Доверие командира было приятно Матвею. Он слышал, как перед выходом комбриг предложил взять в поход флагманского штурмана, но Крымов отказался.

- Вам виднее, - заметил комбриг, впрочем, не очень одобрительно.

И теперь Матвею не хотелось бы подводить Крымова.

Началась полоса сильных глубинных течений. Матвей остро отточенным карандашом нанес на карту векторы скоростей, рассчитал путь и курс. Доложил командиру, и тот приказал лечь на новый курс.

К столику подошел Дубровский, склонился над картой.

- Что-то очень большой снос получается у вас, товарищ лейтенант, сказал он, недоверчиво рассматривая карту.

- Вот, проверьте, - Матвей подвинул Дубровскому транспортир, линейку и циркуль. - Течение триста двадцать градусов, скорость два узла...

Дубровский проверил расчеты и, ничего не сказав, отошел.
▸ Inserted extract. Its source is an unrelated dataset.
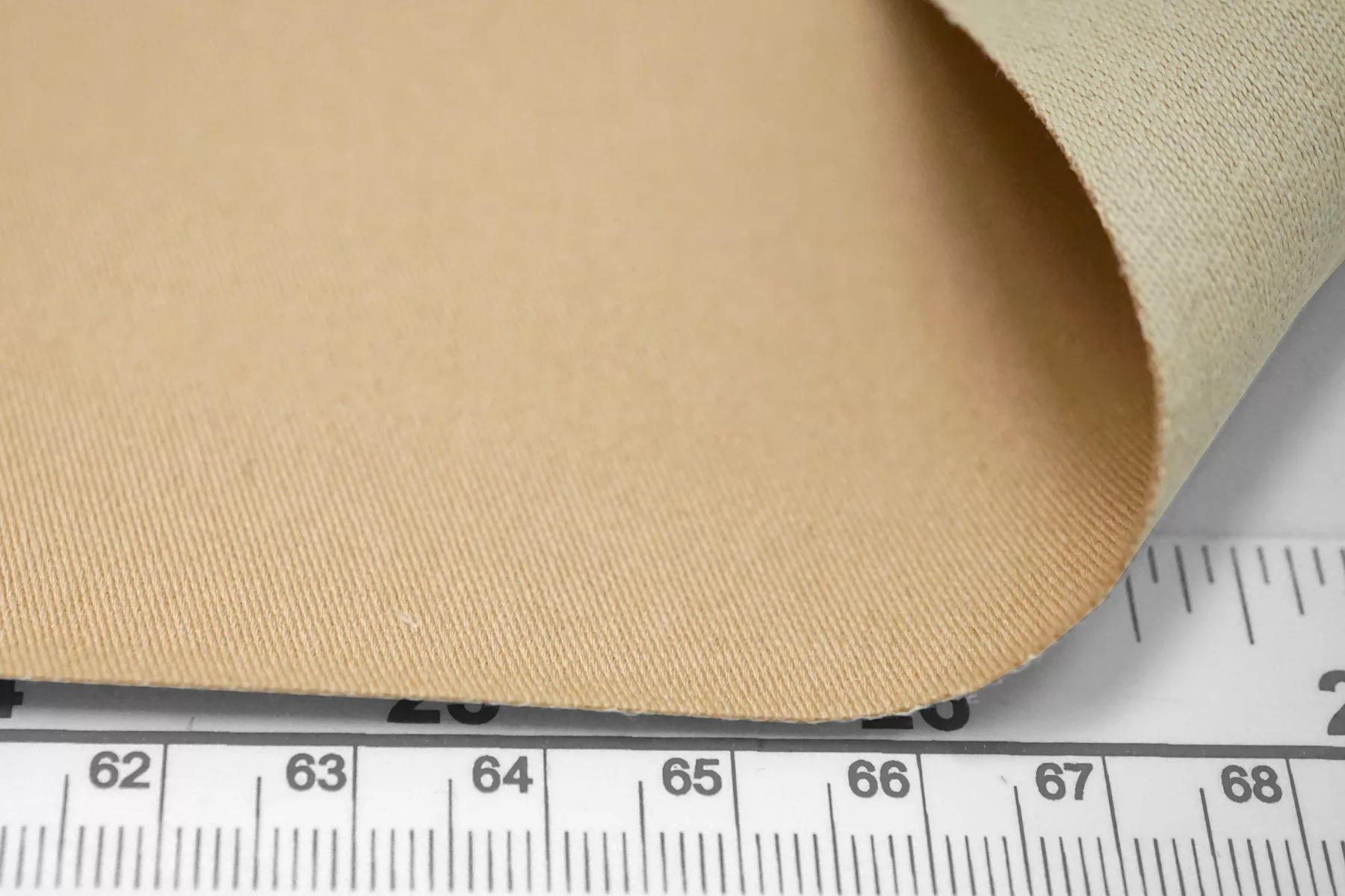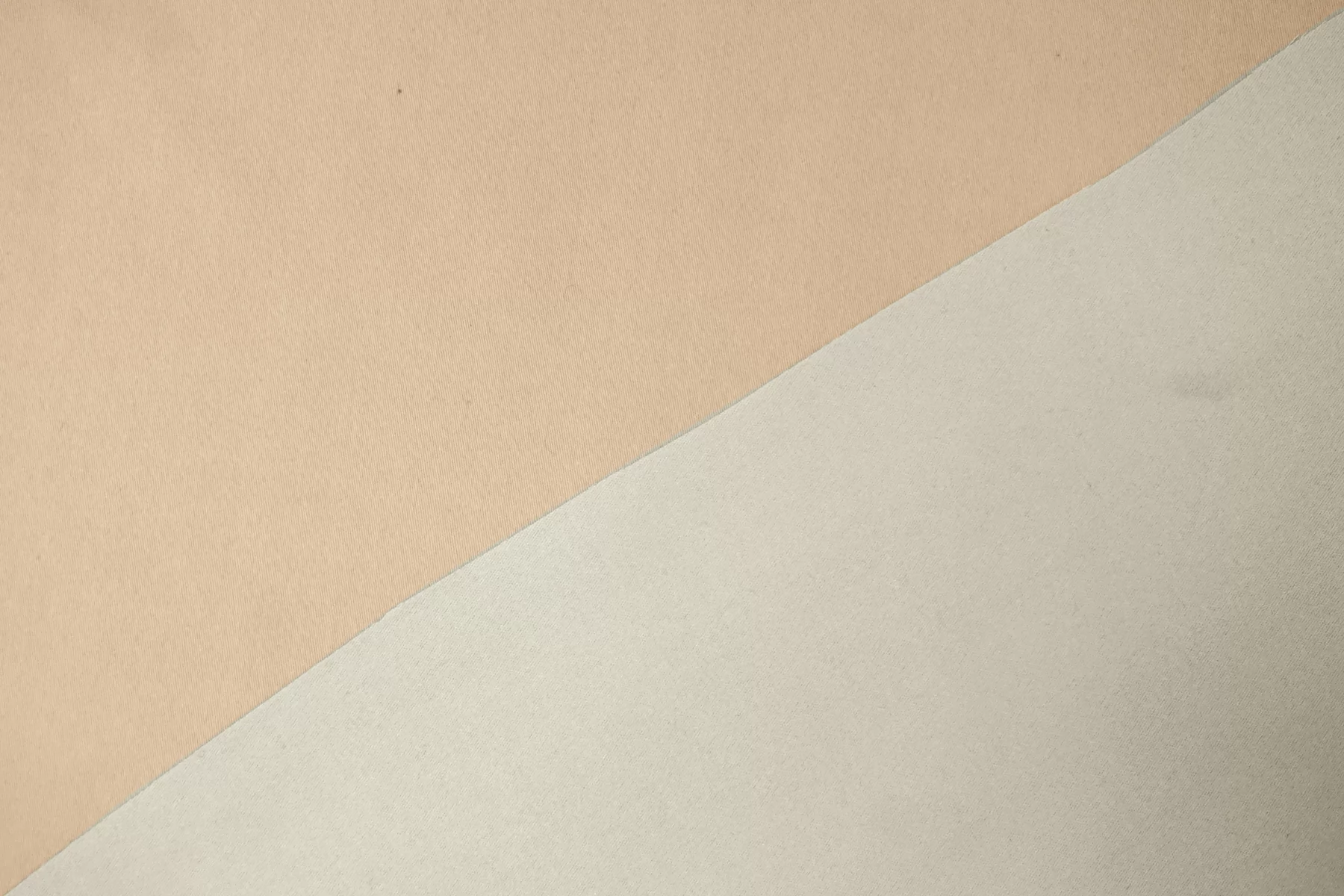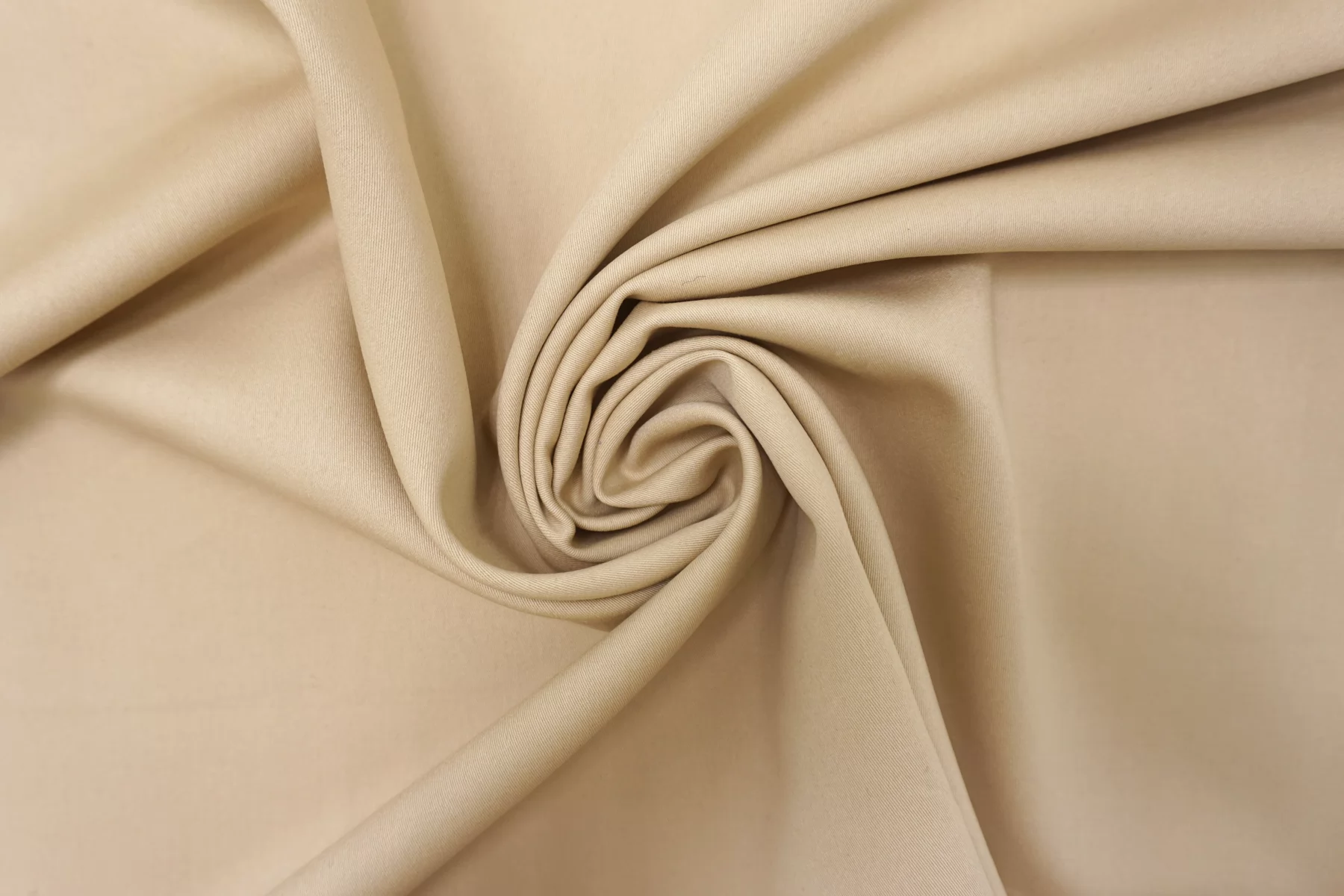 Необычная плащевая ткань от BURBERRY: лицевая сторона бежевого цвета из хлопка, водоотталкивающая, изнаночная сторона из шёлка, в светлом желтовато-бежевом цвете. Вода легко стекает с хлопковой стороны, но через какое-то время впитывается. Плетение диагональное. Материал гладкий, скользящий, шёлковая изнанка безумно приятная к телу. Не тянется. Держит форму, сминается умеренно. Подойдет для пошива тренча, куртки, парки, плаща и т.д.

Проверить прокладку - неоспоримое право старшего помощника командира корабля. Даже обязанность. Тем более, что Матвей впервые самостоятельно ведет корабль. И все же Матвей никак не мог подавить в себе неприятного чувства. Что-то настораживало его в Дубровском.

Акустик доложил, что слышит шум винтов по курсовому сто шестьдесят пять.

- Определите, что за корабль, - приказал командир.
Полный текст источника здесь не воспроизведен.